* What to work on
All entries are to be transcribed exactly. Pictures are not part of the copy.

* Data entries
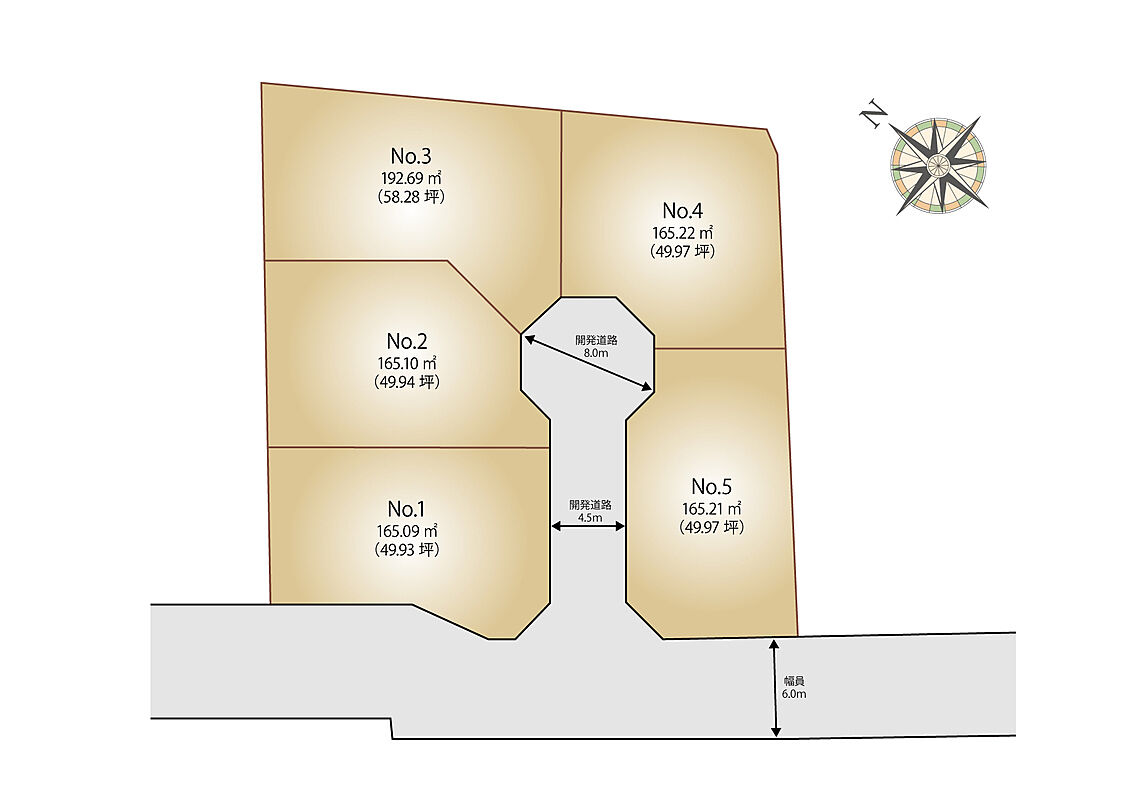 | 駐車場 | 2台 | 道路の幅員 | 道路幅:4.5m~8m、アスファルト舗装(開発道路持分あり) |
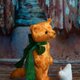 - This is Mr. Little Fox. He is created with vintage plush, stuffed with wood shavings (body and paws) and holofiber (tail). Glass eyes, embroidered nose, mustache, gorgeous tail! :) Little Fox is cunning, but very friendly! Mr. Little Fox can stay by himself and he is sporting a stylish silk ribbon around the neck. Bracing - 5 splints. Height - 6 inches with
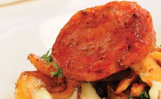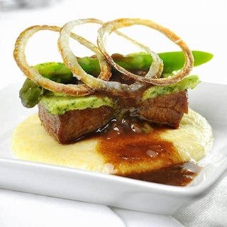 Polenta crémeuse et longe de veau, aromatisées au fromage Le Gré des Champs, avec jus de veau au vin rouge et échalotes frites
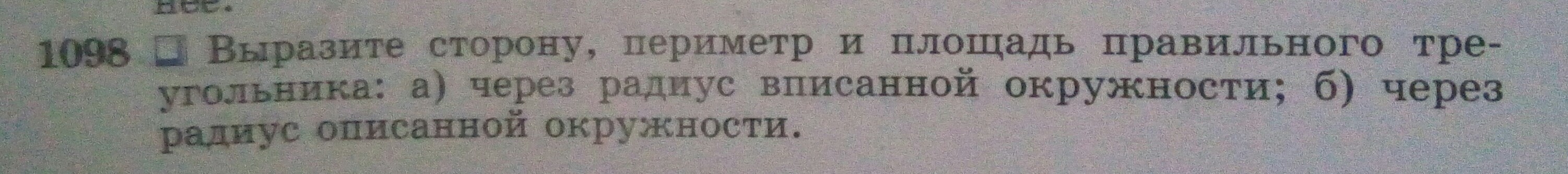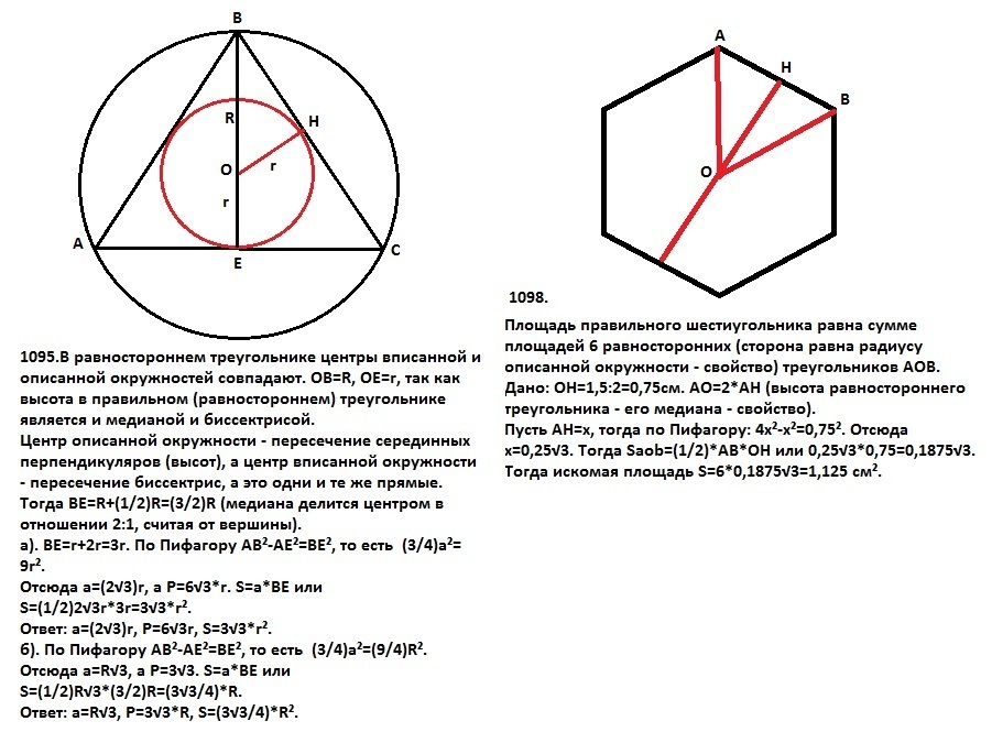 1095.В равностороннем треугольнике центры вписанной и описанной окружностей совпадают. ОВ=R, OE=r, так как высота в правильном (равностороннем) треугольнике является и медианой и биссектрисой.
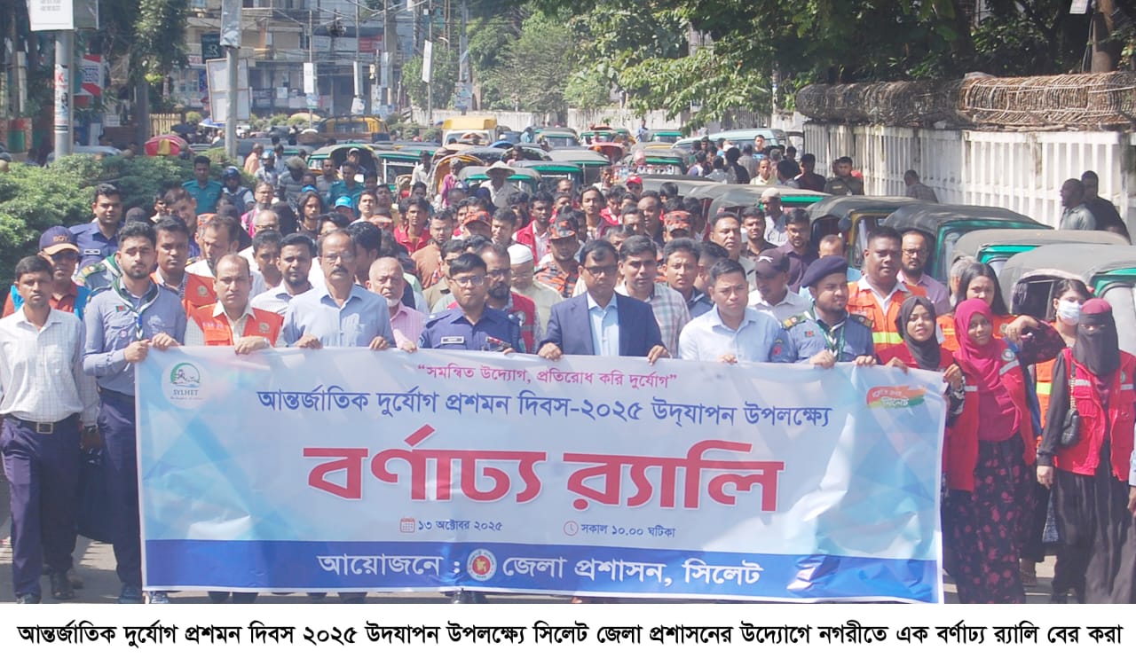 সোমবার (১৩ অক্টোবর) সকাল ১১টা জেলা প্রশাসকের সম্মেলন কক্ষে আন্তর্জাতিক দুর্যোগ প্রশমন দিবস ২০২৫ উদযাপন উপলক্ষ্যে জেলা প্রশাসন সিলেট আয়োজিত বর্ণাঢ্য র্যালি পরবর্তী আলোচনা সভায় প্রধান অতিথির বক্তব্যে তিনি উপরোক্ত কথাগুলো বলেন। র্যালিটি সিলেট জেলা প্রশাসক কার্যালয় থেকে শুরু হয়ে নগরীর বিভিন্ন সড়ক প্রদক্ষিণ শেষে জেলা প্রশাসক প্রাঙ্গণে এসে শেষ হয়।

* Task answer
 | 駐車場 | 2台 | 道路の幅員 | 道路幅:4.5m~8m、アスファルト舗装(開発道路持分あり) |
 - This is Mr. Little Fox. He is created with vintage plush, stuffed with wood shavings (body and paws) and holofiber (tail). Glass eyes, embroidered nose, mustache, gorgeous tail! :) Little Fox is cunning, but very friendly! Mr. Little Fox can stay by himself and he is sporting a stylish silk ribbon around the neck. Bracing - 5 splints. Height - 6 inches with
 Polenta crémeuse et longe de veau, aromatisées au fromage Le Gré des Champs, avec jus de veau au vin rouge et échalotes frites
 1095.В равностороннем треугольнике центры вписанной и описанной окружностей совпадают. ОВ=R, OE=r, так как высота в правильном (равностороннем) треугольнике является и медианой и биссектрисой.
 সোমবার (১৩ অক্টোবর) সকাল ১১টা জেলা প্রশাসকের সম্মেলন কক্ষে আন্তর্জাতিক দুর্যোগ প্রশমন দিবস ২০২৫ উদযাপন উপলক্ষ্যে জেলা প্রশাসন সিলেট আয়োজিত বর্ণাঢ্য র্যালি পরবর্তী আলোচনা সভায় প্রধান অতিথির বক্তব্যে তিনি উপরোক্ত কথাগুলো বলেন। র্যালিটি সিলেট জেলা প্রশাসক কার্যালয় থেকে শুরু হয়ে নগরীর বিভিন্ন সড়ক প্রদক্ষিণ শেষে জেলা প্রশাসক প্রাঙ্গণে এসে শেষ হয়।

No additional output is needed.